Your goal: All of the listing below must be repeated word for word. Pictures are the only thing to omit.

+++ Supplied material +++

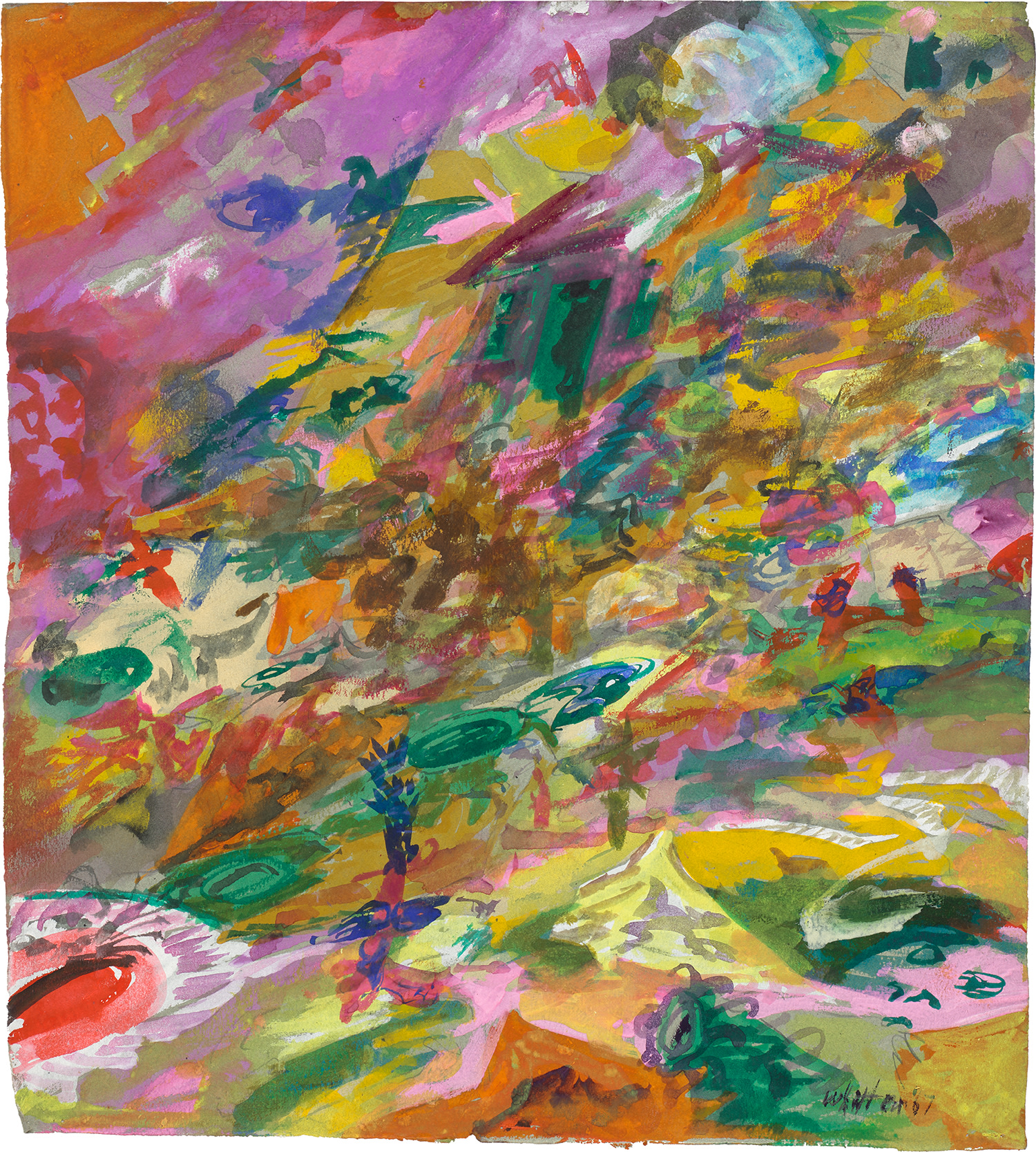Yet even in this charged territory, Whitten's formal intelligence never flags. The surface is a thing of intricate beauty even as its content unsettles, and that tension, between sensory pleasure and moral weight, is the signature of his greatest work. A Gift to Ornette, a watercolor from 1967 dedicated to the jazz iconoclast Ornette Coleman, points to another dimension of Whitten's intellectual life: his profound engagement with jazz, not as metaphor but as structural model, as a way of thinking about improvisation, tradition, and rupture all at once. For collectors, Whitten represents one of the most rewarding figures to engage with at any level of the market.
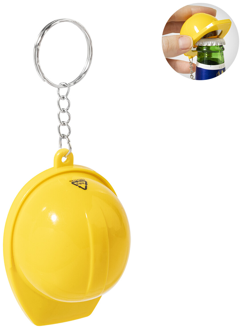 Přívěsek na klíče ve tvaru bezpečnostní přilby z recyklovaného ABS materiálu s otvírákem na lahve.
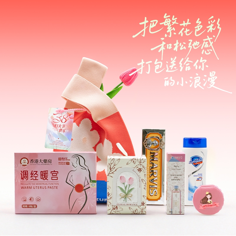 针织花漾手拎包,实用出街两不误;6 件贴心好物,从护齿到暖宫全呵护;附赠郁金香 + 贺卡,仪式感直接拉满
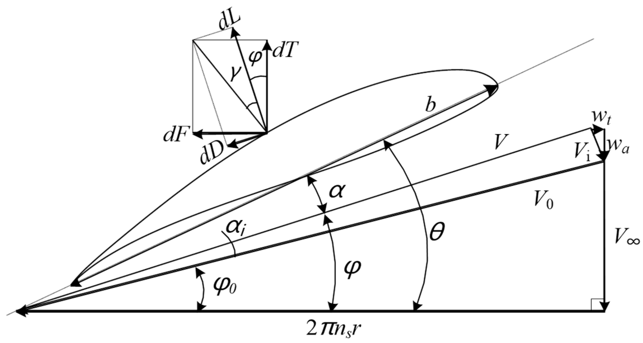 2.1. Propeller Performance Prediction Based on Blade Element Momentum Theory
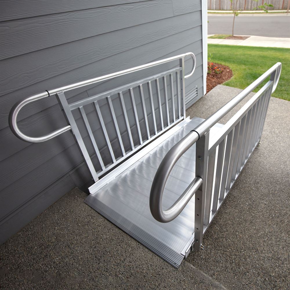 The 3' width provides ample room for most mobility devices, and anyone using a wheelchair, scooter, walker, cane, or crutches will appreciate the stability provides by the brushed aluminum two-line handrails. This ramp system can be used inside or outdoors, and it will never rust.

+++

Response area:
Yet even in this charged territory, Whitten's formal intelligence never flags. The surface is a thing of intricate beauty even as its content unsettles, and that tension, between sensory pleasure and moral weight, is the signature of his greatest work. A Gift to Ornette, a watercolor from 1967 dedicated to the jazz iconoclast Ornette Coleman, points to another dimension of Whitten's intellectual life: his profound engagement with jazz, not as metaphor but as structural model, as a way of thinking about improvisation, tradition, and rupture all at once. For collectors, Whitten represents one of the most rewarding figures to engage with at any level of the market.
 Přívěsek na klíče ve tvaru bezpečnostní přilby z recyklovaného ABS materiálu s otvírákem na lahve.
 针织花漾手拎包,实用出街两不误;6 件贴心好物,从护齿到暖宫全呵护;附赠郁金香 + 贺卡,仪式感直接拉满
 2.1. Propeller Performance Prediction Based on Blade Element Momentum Theory
 The 3' width provides ample room for most mobility devices, and anyone using a wheelchair, scooter, walker, cane, or crutches will appreciate the stability provides by the brushed aluminum two-line handrails. This ramp system can be used inside or outdoors, and it will never rust.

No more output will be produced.